Data entries
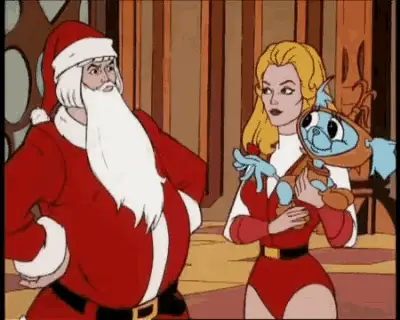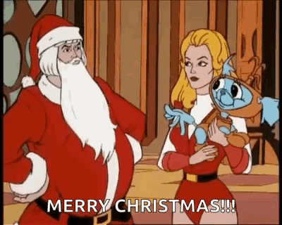 He-Man dressed as Santa and She-Ra with a creature wish a Merry Christmas.
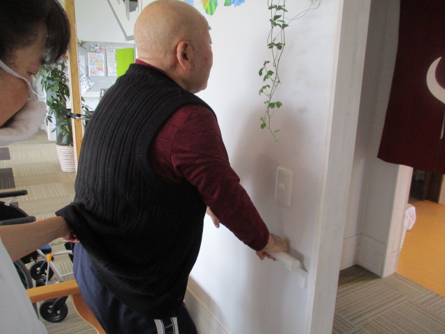 S様入浴後にホールにてT看護師付き添いにて立ち上がり訓練を行っている様子です。
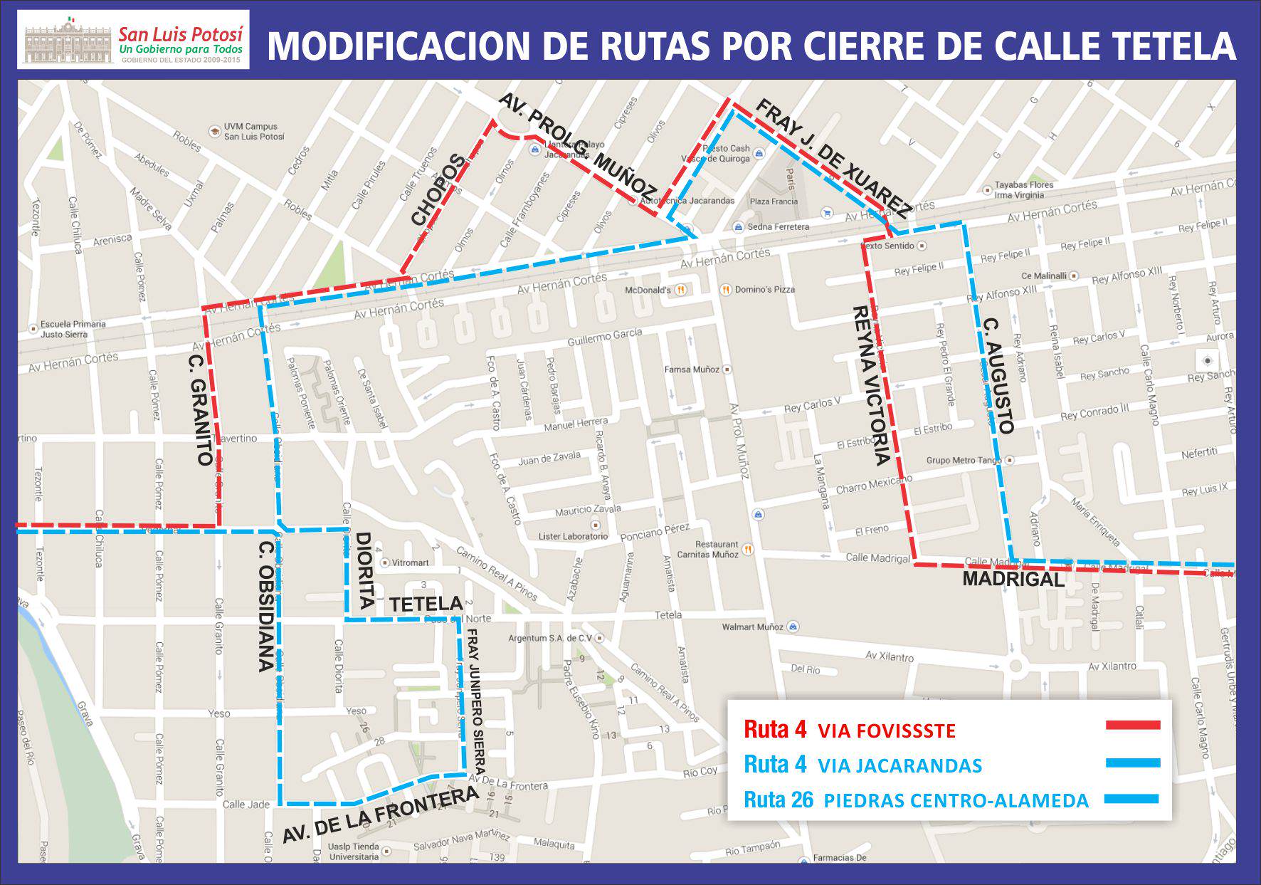 En este sentido, las unidades de la Ruta 4 en sus sentidos oriente-poniente y poniente-oriente y de la Ruta 26 en su sentido poniente-oriente realizarán su recorrido por la calle de Pedregal, Obsidiana, Avenida de la Frontera, Fray Junipero Sierra, Tetela, Diorita, Obsidiana hasta llegar a la Avenida Hernán Cortés para continuar con su recorrido normal.
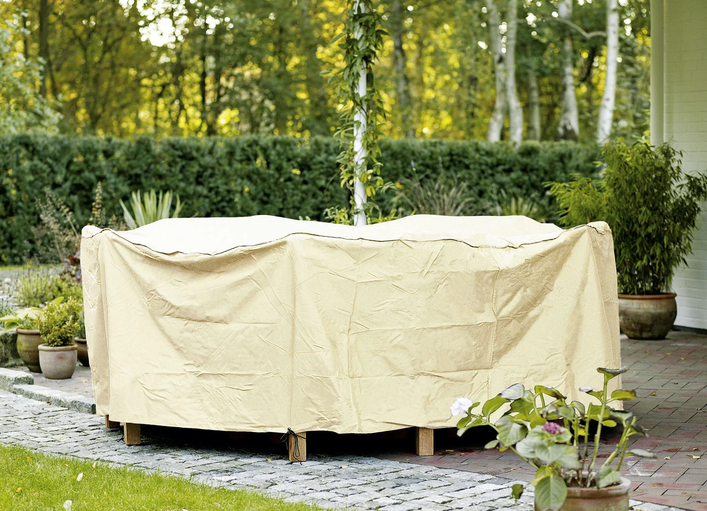 Die hochwertigen Schutzhüllen sind reißfest, witterungsbeständig und atmungsaktiv. Sie schützen Gartenmöbel oder ganze Tischgruppen vor Wind und Wetter. Sie bestehen aus fest gewebtem Polyester (100%) und sind mit Ösen sowie Schnur für optimalen Halt ausgestattet.
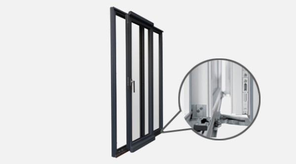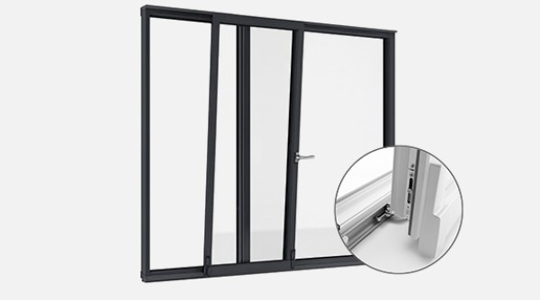 Hebe-Schiebe-Türen wie REHAU GENEO HTS: Der Flügel wird zuerst angehoben, dann zur Seite geschoben. Hochwertiges System für große Glasflächen.
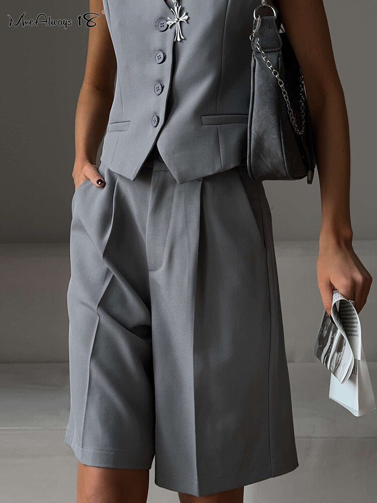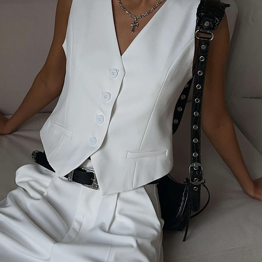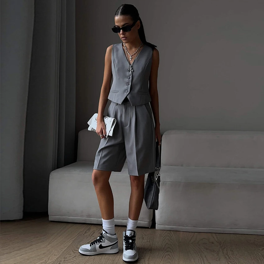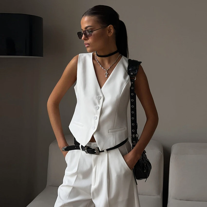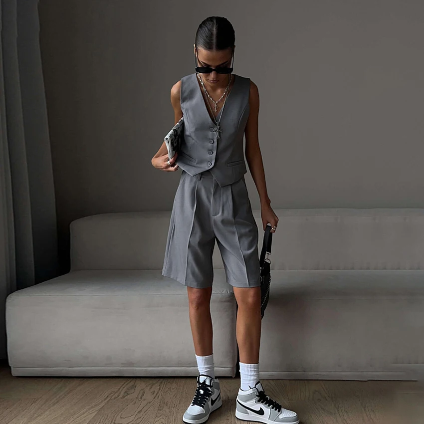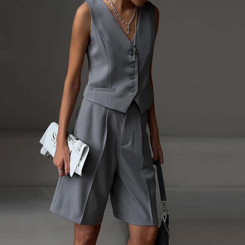 Yipinpay Office Ladies White Shorts Suits 2 Pieces Vest Tops And Wide Legs Shorts Sets Women 2023 Pleated Outfits Two Pieces
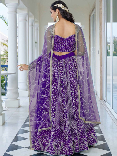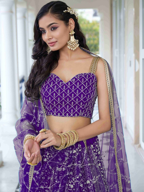 Purple embellished semi-stitched blouse, has a round neck, sleeveless, purple embroidered semi-stitched lehenga, flared hem
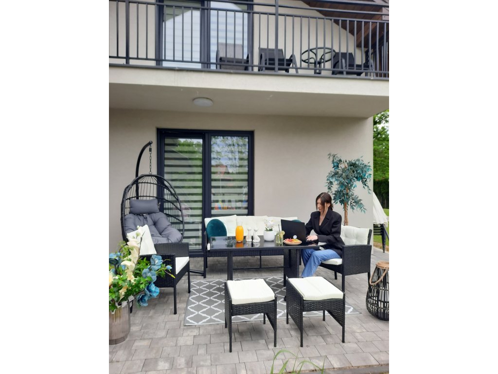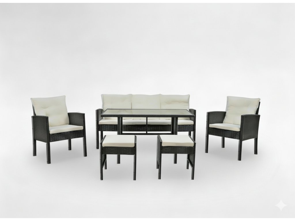 RATANOVÁ SÚPRAVA NÁBYTKU "VADUZ" (SOFA + 2 KRESLÁ + 2 TABURETKY + STÔL) ČIERNA + KRÉMOVÉ VANKÚŠE *9583
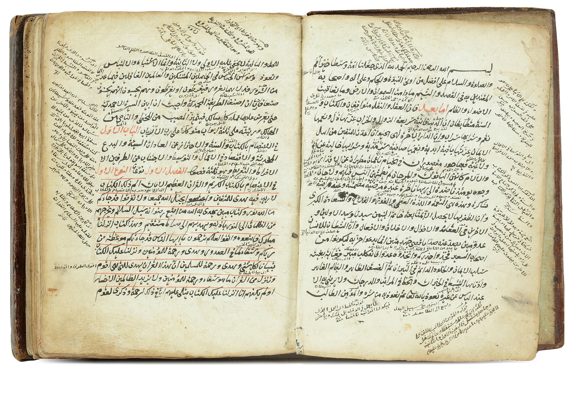 Arabic manuscript on paper, 18 lines to each page, written in black ink, titles and catchwords in red ink. Copied by Timur bin Abdullah in Lan Yuan China in 993 AH/1585 AD With later brown morocco leather binding. 17 by 21.5 cm.
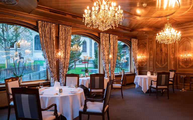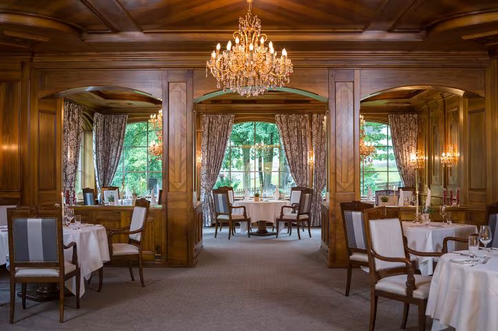 Brasserie Lusi: Sun-drenched terrace dining offering French classics and international dishes (13 GaultMillau points).

* YOUR TASK *
From the line containing "S様入浴後にホールにてT看護師付き添いにて立ち上がり訓練を行っている様子です。" through the line containing "Hebe-Schiebe-Türen wie REHAU", copy every line above exactly, without pictures.

* RESPONSE AREA *
 S様入浴後にホールにてT看護師付き添いにて立ち上がり訓練を行っている様子です。
 En este sentido, las unidades de la Ruta 4 en sus sentidos oriente-poniente y poniente-oriente y de la Ruta 26 en su sentido poniente-oriente realizarán su recorrido por la calle de Pedregal, Obsidiana, Avenida de la Frontera, Fray Junipero Sierra, Tetela, Diorita, Obsidiana hasta llegar a la Avenida Hernán Cortés para continuar con su recorrido normal.
 Die hochwertigen Schutzhüllen sind reißfest, witterungsbeständig und atmungsaktiv. Sie schützen Gartenmöbel oder ganze Tischgruppen vor Wind und Wetter. Sie bestehen aus fest gewebtem Polyester (100%) und sind mit Ösen sowie Schnur für optimalen Halt ausgestattet.
 Hebe-Schiebe-Türen wie REHAU GENEO HTS: Der Flügel wird zuerst angehoben, dann zur Seite geschoben. Hochwertiges System für große Glasflächen.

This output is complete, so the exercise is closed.